The Verge report further stated that the Facebook chief executive officer Mark Zuckerberg intends to discuss the name change at the firm's annual Connect conference on 28 October. 


The name could be unveiled sooner than the annual conference, added the report. 
 


Just as Google was rebranded in 2015 under the Alphabet umbrella, Facebook's rebranding would place the social media app as one of the many products under a parent company, which will also oversee groups like Instagram, WhatsApp, Oculus and more, said the report. 
 

Meanwhile, a Facebook spokesperson has said that the company “doesn’t comment on rumours or speculation”.
 

It's not uncommon in Silicon Valley for firms to change their names as a venture to expand their services.


As per the report, by rebranding, Facebook is focusing on creating the metaverse, an online space where people can use different devices to move and communicate in a virtual setting. 

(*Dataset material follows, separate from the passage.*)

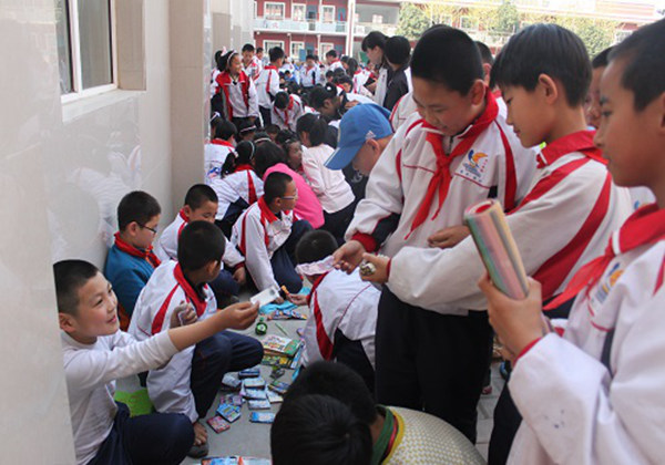 活动以班为单位,在班主任老师的带领下布置起自己的摊位,每一位学生都拿出了自己积攒下的零用钱,也从家里带来了自己看过的图书和杂志、及不用学习用品玩具等,有的同学甚至带来了十多本,从同学那里换(购)一本想看的书。
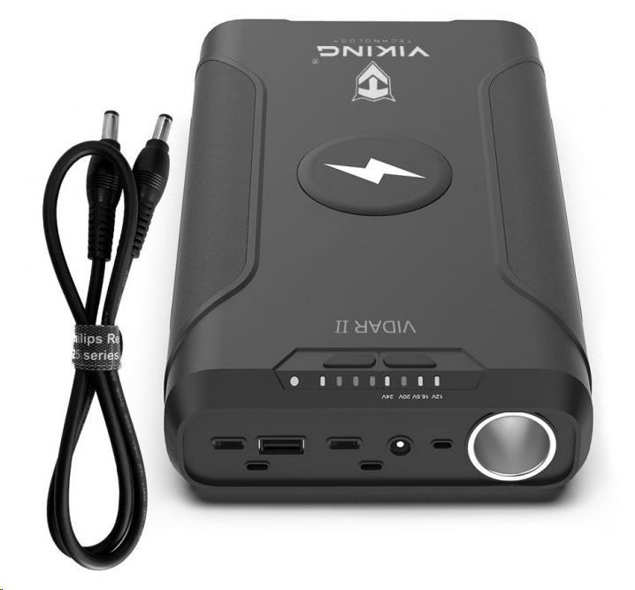 Powerbanka Viking VIDAR II je spolehlivý pomocník pro každého, kdo potřebuje mít energii vždy po ruce – ať už na vícedenním kempování, při práci v terénu nebo na cestách. S kapacitou 72000 mAh, kompaktními rozměry a širokým výběrem výstupů pohodlně nabijete více zařízení současně – od mobilních telefonů přes notebooky až po 12V spotřebiče.

With heavy investment in virtual reality (VR) and augmented reality (AR), Facebook plans to unite its three billion users through several devices and apps. Further, the social media giant on Tuesday announced that it will create 10,000 jobs in the European Union in the next five years that will help to establish the metaverse.


The development comes in the backdrop of a significant pressure Facebook is facing following revelations from whistleblower France Haugen, who told US Congress the company had put “astronomical profits before people” who told US Congress the organisation had put “astronomical profits before people” and that it is harmful to children and is destabilising democracies. 

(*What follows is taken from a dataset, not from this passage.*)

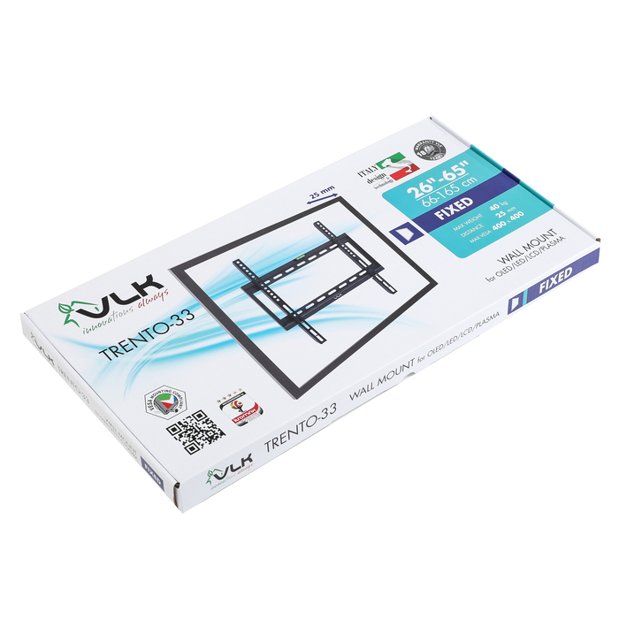 Кронштейн VLK TRENTO-33, для ТВ, фиксированный, 26-65", 26 мм от стены, черный — Характеристики
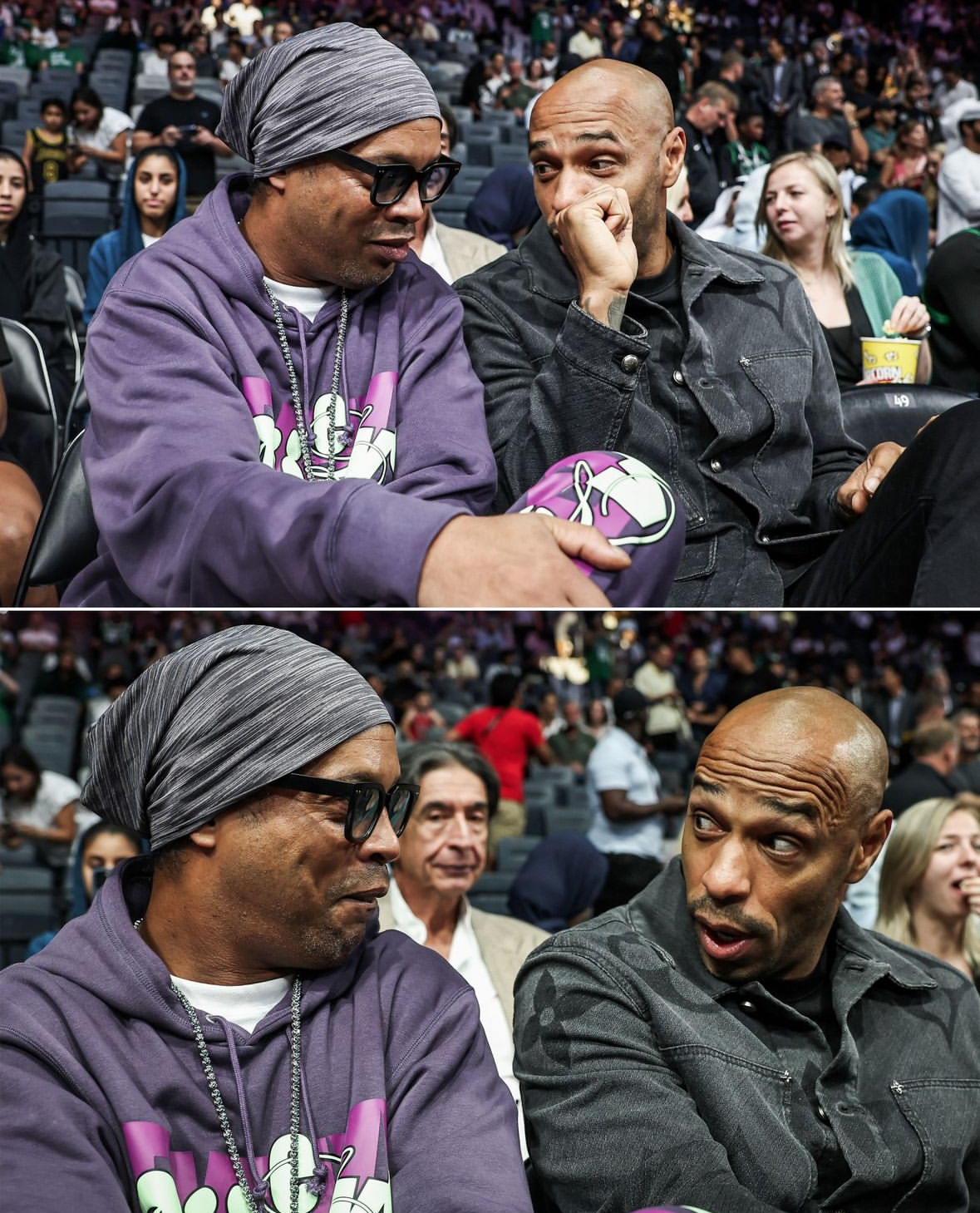 罗纳尔迪尼奥与亨利一起观看了掘金对阵凯尔特人的比赛! 猜猜看他们是哪方的球迷!?

Facebook is currently facing US government scrutiny over its business practices, meanwhile, lawmakers from both parties are criticising the company, representing an increase in anger in Congress with the social media platform. 
 

Several documents were leaked by Haugen to the Wall Street Journal including internal research revealing 30% of teenage girls felt Instagram made dissatisfaction with their body worse than ever. 





Facebook, WhatsApp and Instagram earlier in October were all down for several hours citing a routine maintenance work going wrong, which disrupted all of Facebook’s major services including its internal communications and physical security services. 


“For more than five hours Facebook wasn’t used to deepen divides, destabilise democracies and make young girls and women feel bad about their bodies,” Haugen had told Congress.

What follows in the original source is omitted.